While uploading the above data to a data warehouse database, errors such as inconsistent data, duplicates, logic conflicts, and missing data may appear. Data consolidation should remove the noise.

Over-Cleansed Data

On the other hand, if there are strict rules , and the data gets over-cleansed, then the data does not correspond to real data, making training data inaccurate and the prediction model unreliable.

Old Data are Out of Date

Often, user master data, such as customers, appear several times in backend systems. They may be distinct entities that point to the same customer. Old data should be marked as old and kept out of scope since training a model with old data may lead to wrong conclusions regarding predictions.

Not Enough Data

Among other factors, model reliability depends strongly on the training dataset size. Following this rule, a large training dataset is more reliable than a smaller one. This is a fundamental machine learning challenge called cold start, where the model is not effective in the beginning due to the lack of data. You can find this in cases of a new product, a new customer group, etc.

Too Much Data

From a statistical point of view, beyond a point, feeding the model with data does not improve the accuracy of predictions. This may waste computational and time resources.

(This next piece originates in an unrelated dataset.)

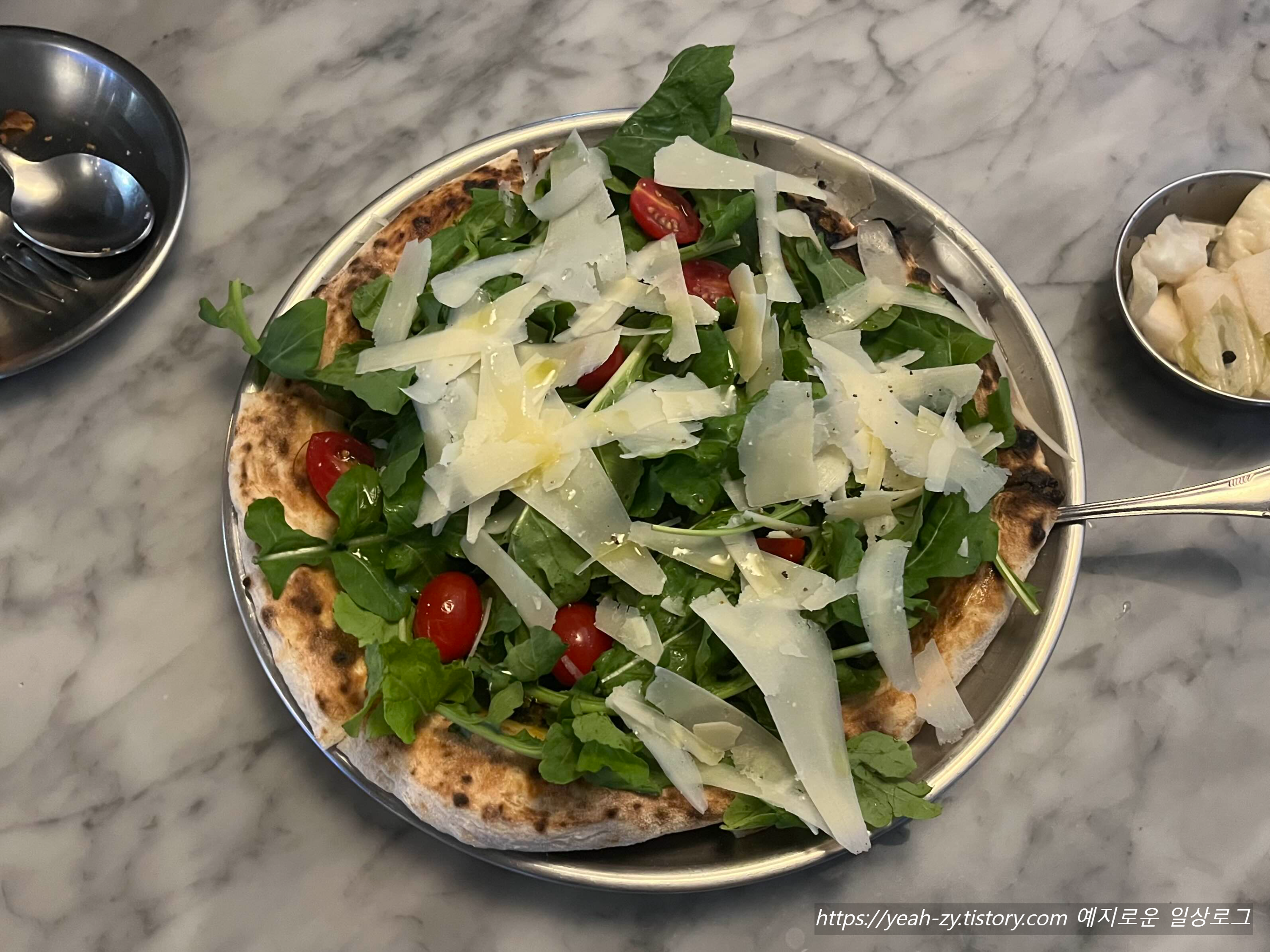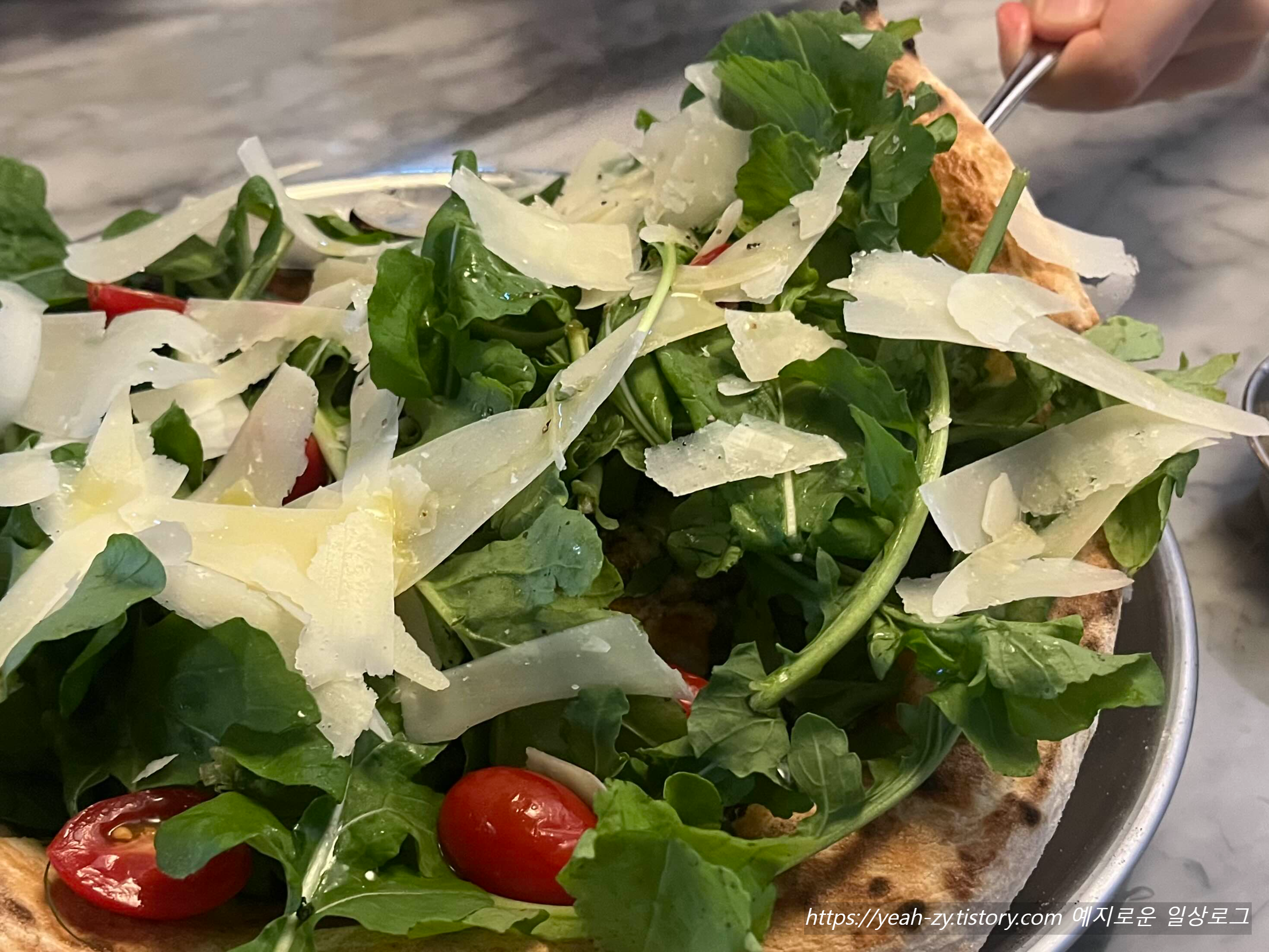 얇은 도우에 치즈, 토마토, 루꼴라, 바질 토핑이 아낌없이 잔뜩 올라가요. 부담 없이 건강한 맛이라 좋았습니다.

Underestimate Social Media Data

Social media contains valuable information regarding behavior and attitude that are often more valuable than attributes hidden in transactional data. But intent data coming from social media are unstructured and difficult to interpret.

Overestimate Surveys

Often, predictive models rely on intent data coming from surveys or submitted forms. But surveys completion rate is low and usually customers that submit such information are the loyal ones. This may lead to non-representative training data and a non-reliable prediction model.

Anonymous Customer

Predicting the outcome of anonymous customer remains a challenge, since you do not have a lot of information about this type of customer. Usually, it is restricted to geographic location data and site browsing history. A lot of effort has gone in building unsupervised techniques for predicting what a customer group will like but it still remains a big challenge.

Model Related Challenges

Model type selection, along with input features -independent variables- selection, is critical in building a predictive model.

Model Complexity

To cover a wider range, models may incorporate many input variables creating a complex and expensive model. These models are difficult to monitor and adjust, making them an inefficient way to predict outcomes. Instead of quantity, you should focus on the accurate selection of the input variables .This requires a deep understanding of clinical domain knowledge, the business objectives at hand, and the data on which the model will be run.

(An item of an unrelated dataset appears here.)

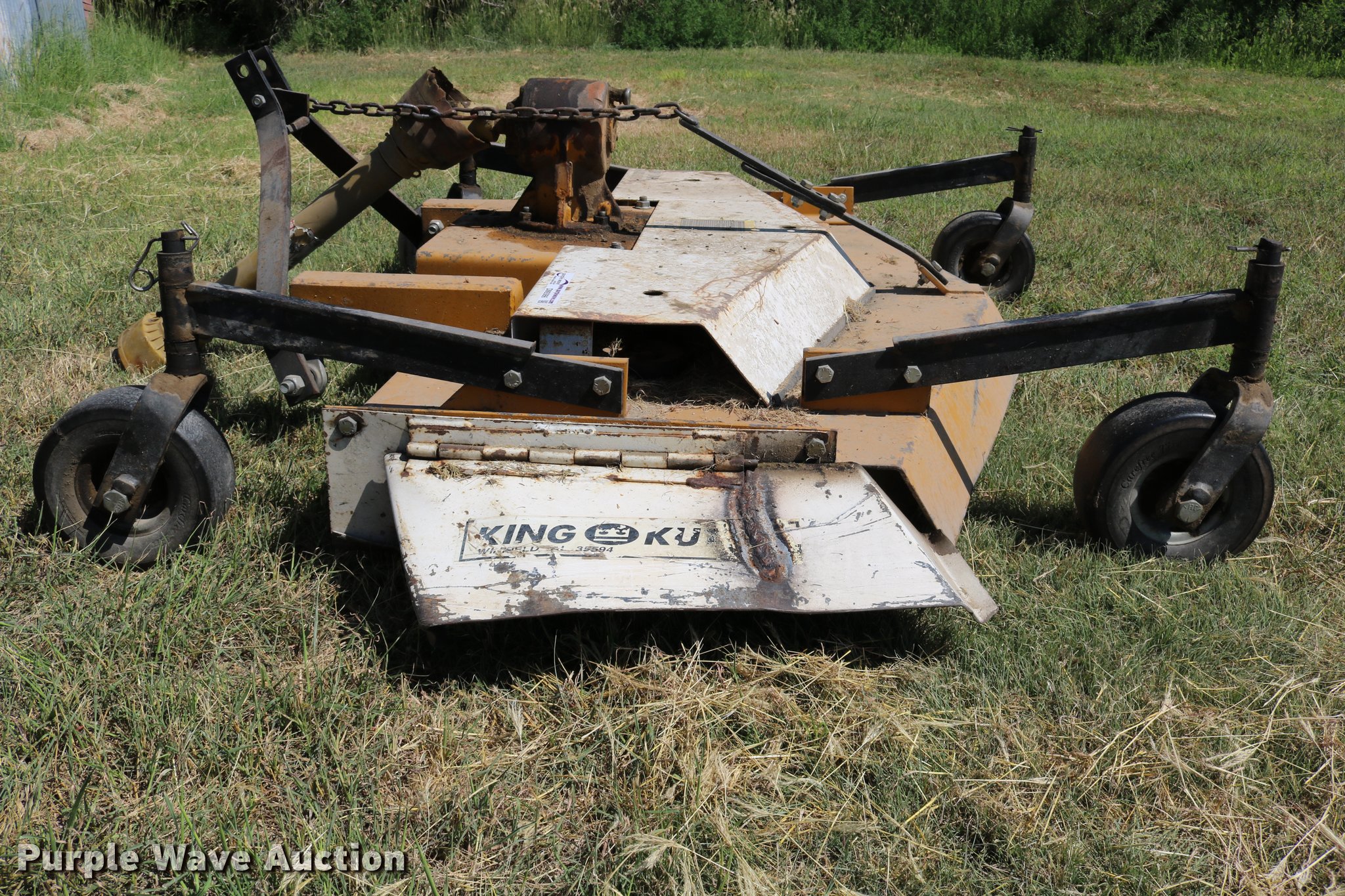 Purple Wave is selling a used Mower, Cutter, Shredder in Kansas. This item is a 1996 King Kutter FM-60 finish mower with the following: 5'W, 540 PTO, Three point, (4) 9-3.50-4 NHS solid tires, Serial 01404

Wrong Algorithm Selected - Simplified Model

There is a trend, and a principle, that the best solution is the simplest one. Simple linear models are easy to understand and build, require less computational resources, and they can be easily adjusted. But reality often is not linear.

Wrong Features Selected

Primarily due to a lack of knowledge, the model input may include wrong data features (input variables) or features that contain much noise, lowering the prediction efficiency.

Model Evaluation

While, evaluation methods and metric are clear in supervised machine learning, this is not the case in unsupervised models where metrics may not reflect the model outcome. For example, a good F1 score may have value only if the evaluation data cover all desired features in the model.

Conclusion

Predictive analytics opened up a new realm of possibilities in many areas within an organization. But since they are reliant on set models and data solutions, they can present problems with deployment and thus not being efficient if they are not optimized.